Ela conta que, nesse período, teve a oportunidade de conhecer pessoalmente Alessandra Sampaio, viúva de Dom Phillips. “Eu ainda não conhecia a Alessandra pessoalmente, mas nos aproximamos e agora somos amigas. Sempre conversamos.”
Atuação no MPI
Brasília tornou-se o local onde Beatriz e sua família puderam reerguer suas vidas e atuar na reforma da política indigenista no Brasil.
“Nos últimos anos a política indigenista estava completamente sucateada, por ter sido sabotada pelo governo anterior. Com isso, tivemos muitos trabalhos, como na Terra Indígena Yanomami e outros territórios, onde estão sendo feitas ações de retirada de invasores e monitoramento da proteção dos povos indígenas isolados e de recente contato, um trabalho junto à Funai. Então, 2023 foi um ano de reconstrução dessa política, de que a gente participou ativamente, e também foi um ano de reconstrução da minha vida”, afirmou.
Questionada sobre as medidas do governo federal no Vale do Javari –região com maior número de indígenas isolados do mundo, localizada na fronteira entre Brasil, Colômbia e Peru, e local onde Bruno e Dom foram mortos por criminosos ligados ao tráfico–, Beatriz respondeu que as ações do MPI são feitas de forma integrada.
“Estamos realizando a execução desse plano de proteção territorial do Vale do Javari em conjunto com outros cinco ministérios. [O trabalho] envolve também o Ibama, a própria Funai, Polícia Federal, Força Nacional, Polícia Rodoviária Federal e Exército.”

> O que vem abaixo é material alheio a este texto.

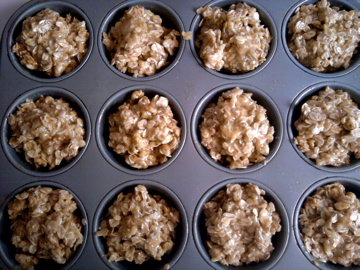 Pour the coconut oil mixture over the oat mixture. Stir a bit with a fork, add the eggs, and stir again until everything comes together into a wet dough. Spoon the dough into the muffin cups, nearly filling them.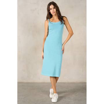 Robe mi-longue à ourlet noué sur le devant de Nurode, grande taille, à rayures océaniques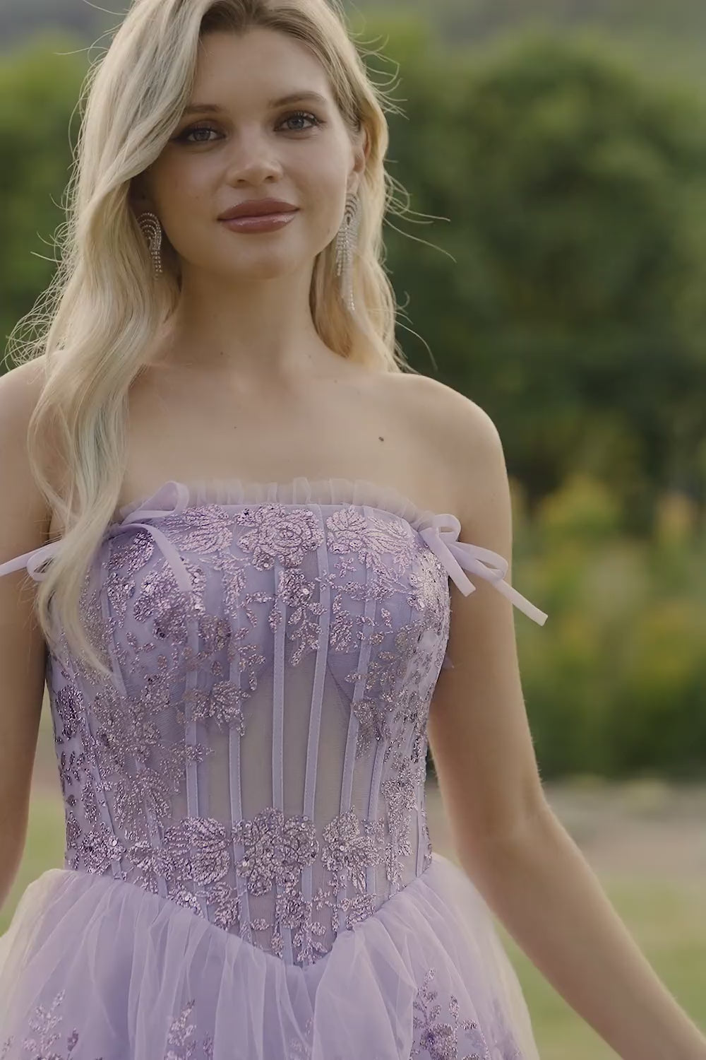 Lilac A Line Strapless Sequin Corset Tiered Ruffle Long Prom Dress with Slit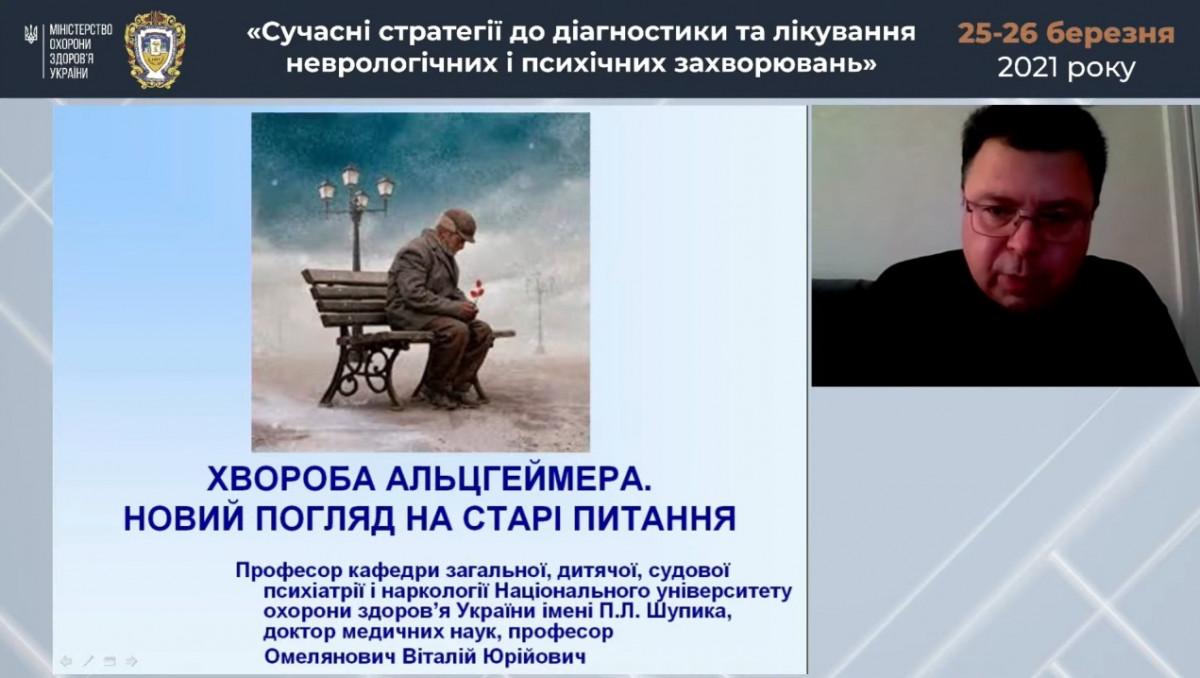 Під час наукового зібрання ознайомив зі своєю доповіддю «Хвороба Альцгеймера. Новий погляд на старі питання» доктор медичних наук, професор кафедри загальної, дитячої, судової психіатрії і наркології Національного університету охорони здоров’я України імені П.Шупика Віталій Омелянович.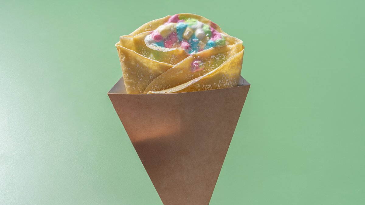Crepe pankūka , iebiezināts kondensēts piens , banāni ,krāsainie maršmello zefīriņi , pūdercukurs
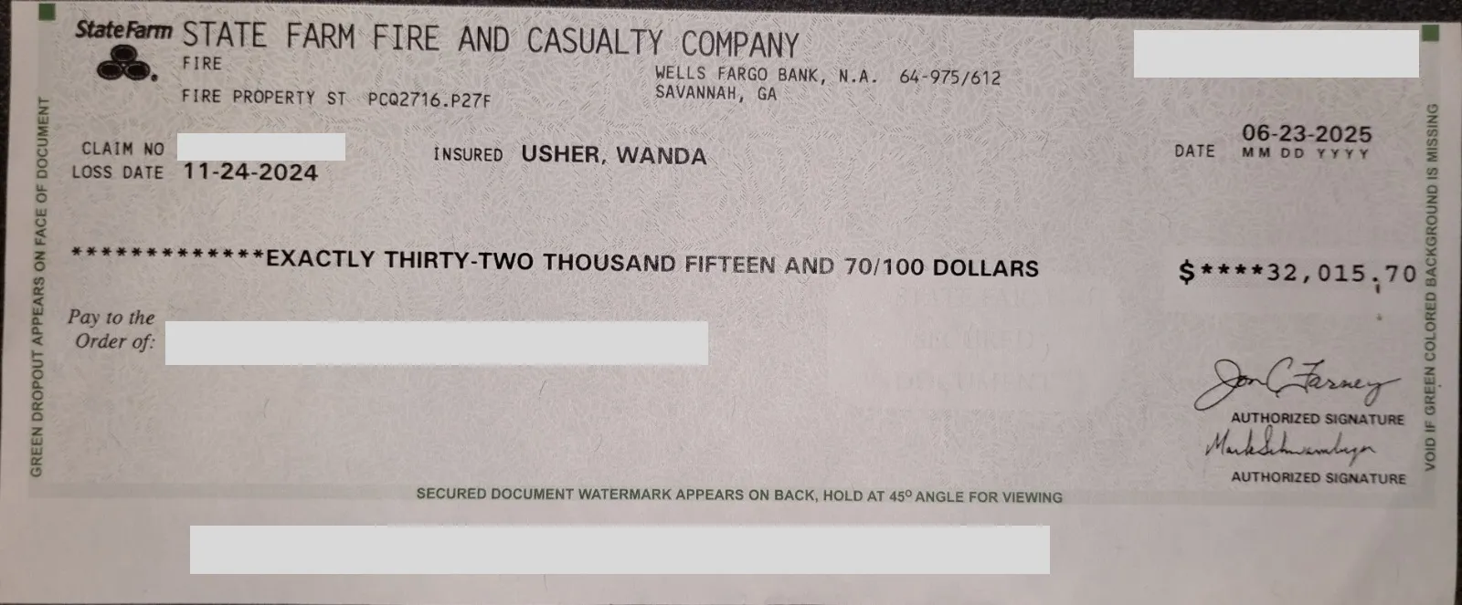 Verified settlement check confirming the $32,771.93 payout (all personal information redacted).

“Então estamos monitorando, por meio desse plano de proteção, porque ali no Vale do Javari há ameaça de garimpo. Tem a chegada de garimpeiros pela região leste da terra indígena, onde as dragas de garimpo vão subindo os rios e chegam até o território dos isolados. No rio Javari tem a entrada de caçadores e pescadores ilegais, que às vezes têm ligação muito estreita com outras formas de organização criminosa, como tráfico de drogas e de madeira internacional e demais cadeias criminosas que estão ameaçando o território indígena”, completou.
Avanços e desafios
Para Beatriz, a criação do MPI e do Departamento de Povos Indígenas Isolados e de Recente Contato é “um grande avanço por colocar a pauta em um nível alto de articulação política”. Outros destaques positivos, segundo a antropóloga, são o fato de a Funai ter uma indígena na presidência e as melhorias que foram promovidas no plano de carreira do órgão.
E ela ressalta: “São os funcionários da Funai que ficam nas terras indígenas. As ações de segurança acontecem periodicamente, mas é a Funai que está lá permanentemente. Então a valorização da carreira é muito importante também, foi um avanço”.

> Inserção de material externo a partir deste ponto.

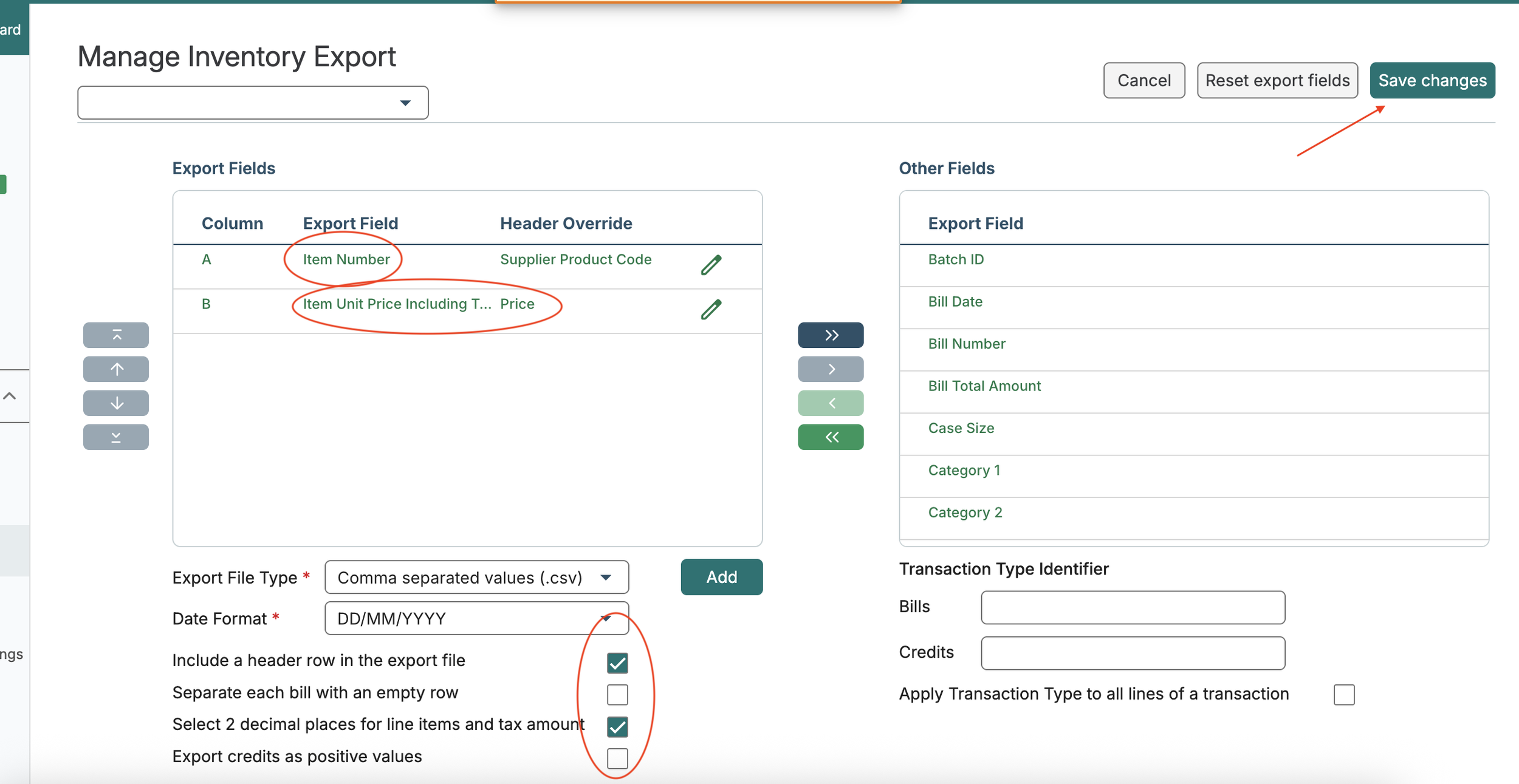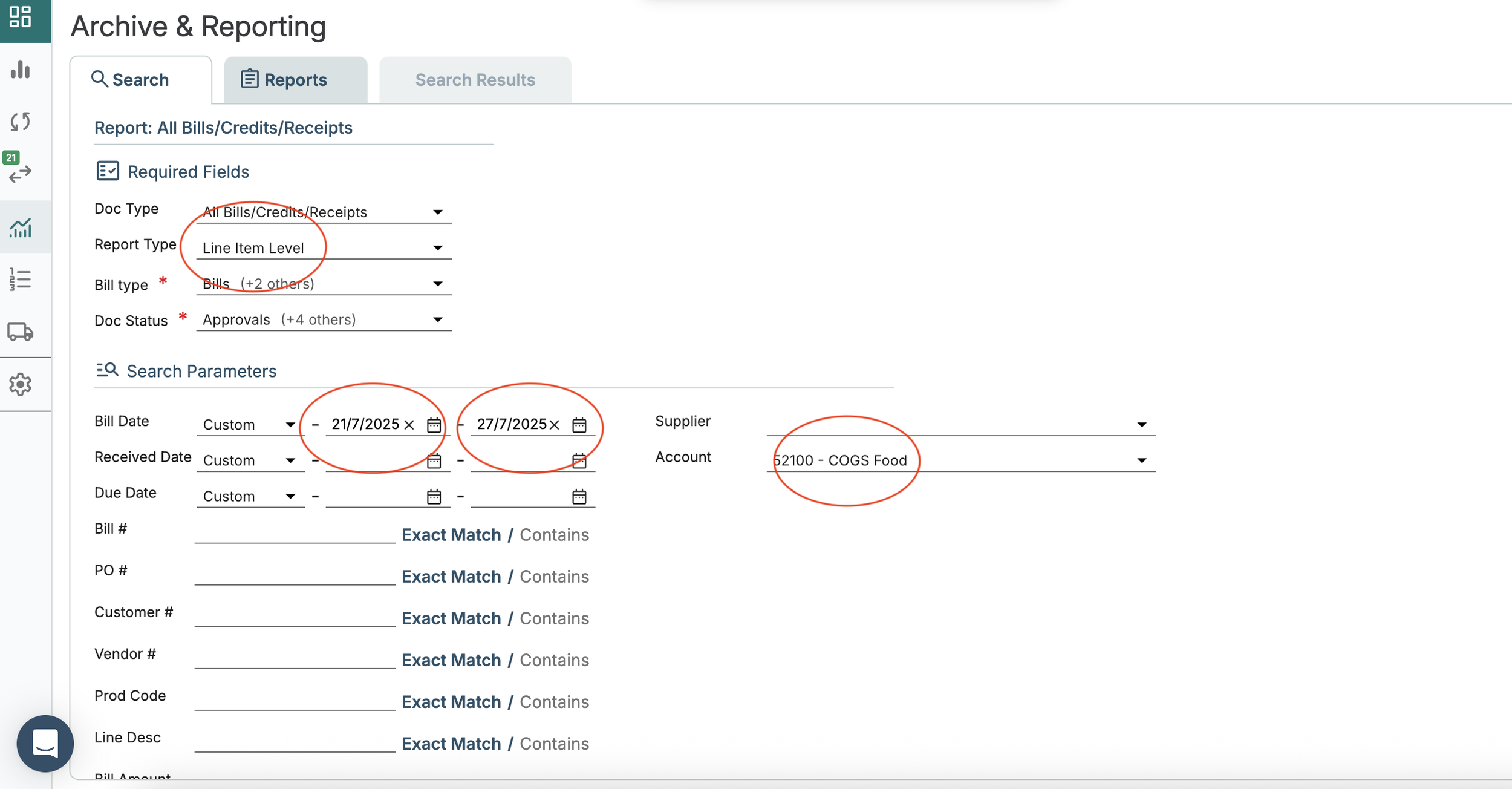 Choose a bill date range (we recommend selecting just the most recent week — this avoids inconsistent pricing for the same item and speeds up export)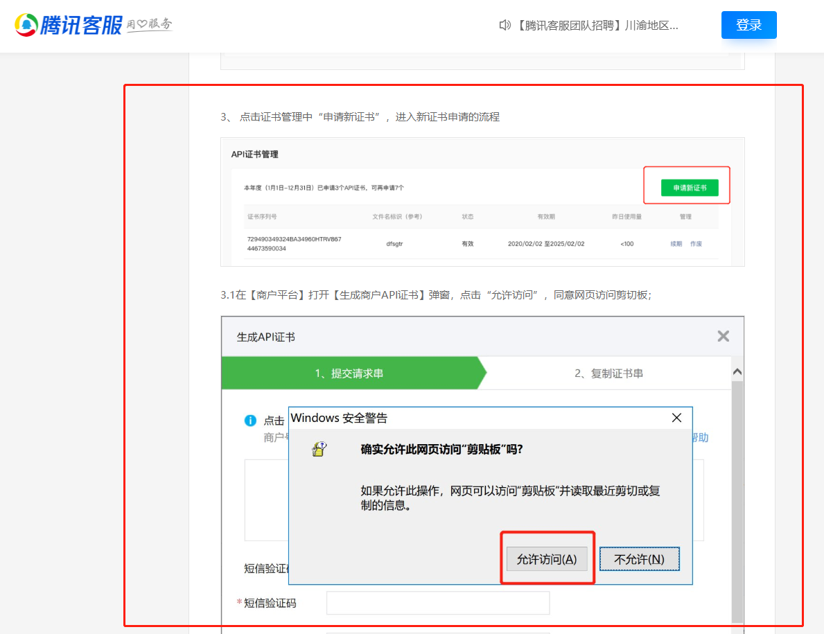 5、腾讯提供的申请API证书说明指引(第三方提供的页面会存在变化,如打开发现页面不同,自行重新搜索):https://kf.qq.com/faq/161222NneAJf161222U7fARv.html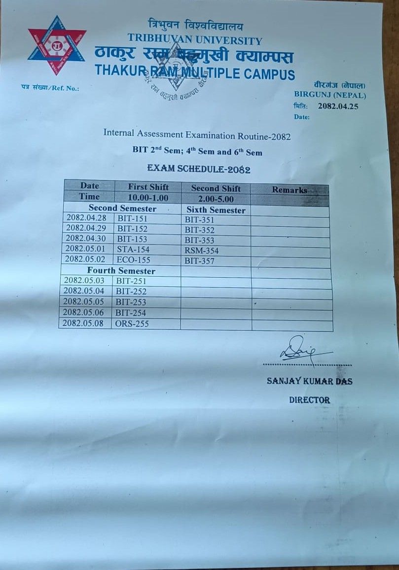 Internal Assessment Exam Routine of BIT 2nd,4th and 6th Semester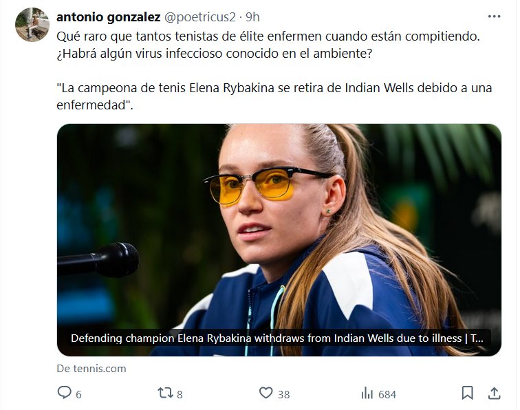BURLA COVID Qué raro que tantos tenistas de élite enfermen cuando están compitiendo.¿Habrá algún virus infeccioso conocido en el ambiente? «La campeona de tenis Elena Rybakina se retira de Indian Wells debido a una enfermedad»

O que precisa melhorar, na avaliação de Beatriz, são as questões orçamentárias e de estrutura.
“No que diz respeito ao orçamento da Funai, e no próprio orçamento do ministério, é algo que pode melhorar muito ainda. Mas eu acho que tivemos grandes avanços, pois atualmente temos um governo preocupado com isso. A questão é como dar condições para que se executem essas proteções territoriais e dos povos indígenas, dos isolados, de fato”, afirma.
“No MPI ainda temos poucos cargos, precisamos de mais. É a construção de uma política nova, com o MPI, e a retomada da política que já existia para povos indígenas, da Funai, que é um órgão que foi muito perseguido. A própria situação que aconteceu com o Bruno tem a ver com a perseguição da Funai.”